[<prev] [next>] [<thread-prev] [thread-next>] [day] [month] [year] [list]
Message-ID: <20101002093255.GA2049@del.dom.local>
Date: Sat, 2 Oct 2010 11:32:55 +0200
From: Jarek Poplawski <jarkao2@...il.com>
To: Eric Dumazet <eric.dumazet@...il.com>
Cc: hadi@...erus.ca, David Miller <davem@...emloft.net>,
netdev <netdev@...r.kernel.org>
Subject: Re: [PATCH net-next V2] net: dynamic ingress_queue allocation
On Fri, Oct 01, 2010 at 03:56:28PM +0200, Eric Dumazet wrote:
> Le vendredi 01 octobre 2010 ?? 07:45 -0400, jamal a écrit :
> > On Fri, 2010-10-01 at 00:58 +0200, Eric Dumazet wrote:
> > > Hi Jamal
> > >
> > > Here is the dynamic allocation I promised. I lightly tested it, could
> > > you review it please ?
> > > Thanks !
> > >
> > > [PATCH net-next2.6] net: dynamic ingress_queue allocation
> > >
> > > ingress being not used very much, and net_device->ingress_queue being
> > > quite a big object (128 or 256 bytes), use a dynamic allocation if
> > > needed (tc qdisc add dev eth0 ingress ...)
> >
> > I agree with the principle that it is valuable in making it dynamic for
> > people who dont want it; but, but (like my kid would say, sniff, sniff)
> > you are making me sad saying it is not used very much ;-> It is used
> > very much in my world.

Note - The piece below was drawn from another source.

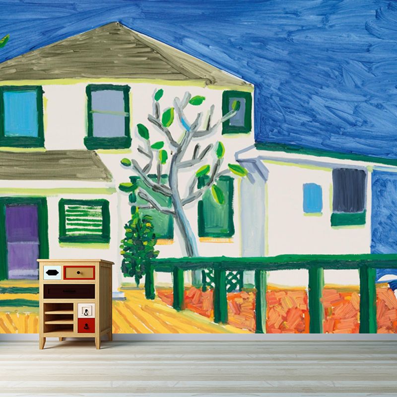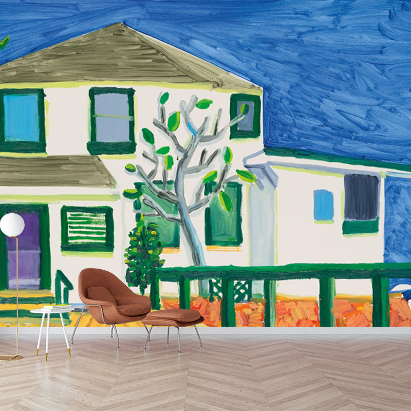 Large Storey House Wallpaper Murals Blue-White Non-Woven Wall Art, Moisture Resistant, Custom Size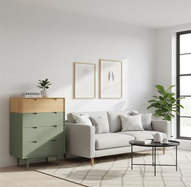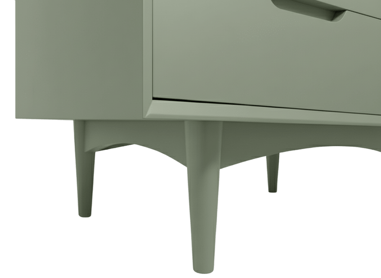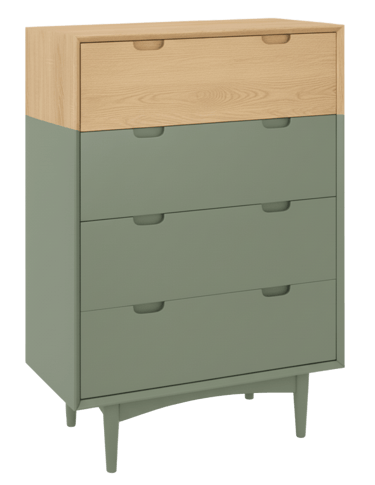 Discover the perfect blend of warmth and contemporary chic with our stunning two-tone chest of drawers. Featuring a natural wood finish on the top drawer and the entirety of one side, elegantly contrasted with a sleek matte sage green on the lower drawers and the other side, this piece is designed to make a statement. The minimalist green base and tapered legs add to its sophisticated, modern appeal.

My friend Jarek uses it;->
Thanks Jamal, my friend, I'm really glad! (And sad ;-)
>
> ;)
>
> >
> > > +#ifdef CONFIG_NET_CLS_ACT
> >
> > I think appropriately this should be NET_SCH_INGRESS (everywhere else as
> > well).
> >
>
> I first thought of this, and found it would add a new dependence on
> vmlinux :
>
> If someone wants to add NET_SCH_INGRESS module, he would need to
> recompile whole kernel and reboot.
>
> This is probably why ing_filter() and handle_ing() are enclosed with
> CONFIG_NET_CLS_ACT, not CONFIG_NET_SCH_INGRESS.
>
> Since struct net_dev only holds one pointer (after this patch), I
> believe its better to use same dependence.
>
> >
> > > +static inline struct netdev_queue *dev_ingress_queue(struct net_device *dev)
> > > +{
> > > +#ifdef CONFIG_NET_CLS_ACT
> > > + return dev->ingress_queue;
> > > +#else
> > > + return NULL;
> > > +#endif
> >
> > Above, if you just returned dev->ingress_queue wouldnt it always be
> > NULL if it was not allocated?
> >
>
> ingress_queue is not defined in "struct net_device *dev" if
> !CONFIG_NET_CLS_ACT
>
> Returning NULL here permits dead code elimination by compiler.
>
> Then, probably nobody unset CONFIG_NET_CLS_ACT, so we can probably avoid
> this preprocessor stuff.
>
> >
> > > @@ -2737,7 +2734,9 @@ static inline struct sk_buff *handle_ing(struct sk_buff *skb,
> > > struct packet_type **pt_prev,
> > > int *ret, struct net_device *orig_dev)
> > > {
> > > - if (skb->dev->ingress_queue.qdisc == &noop_qdisc)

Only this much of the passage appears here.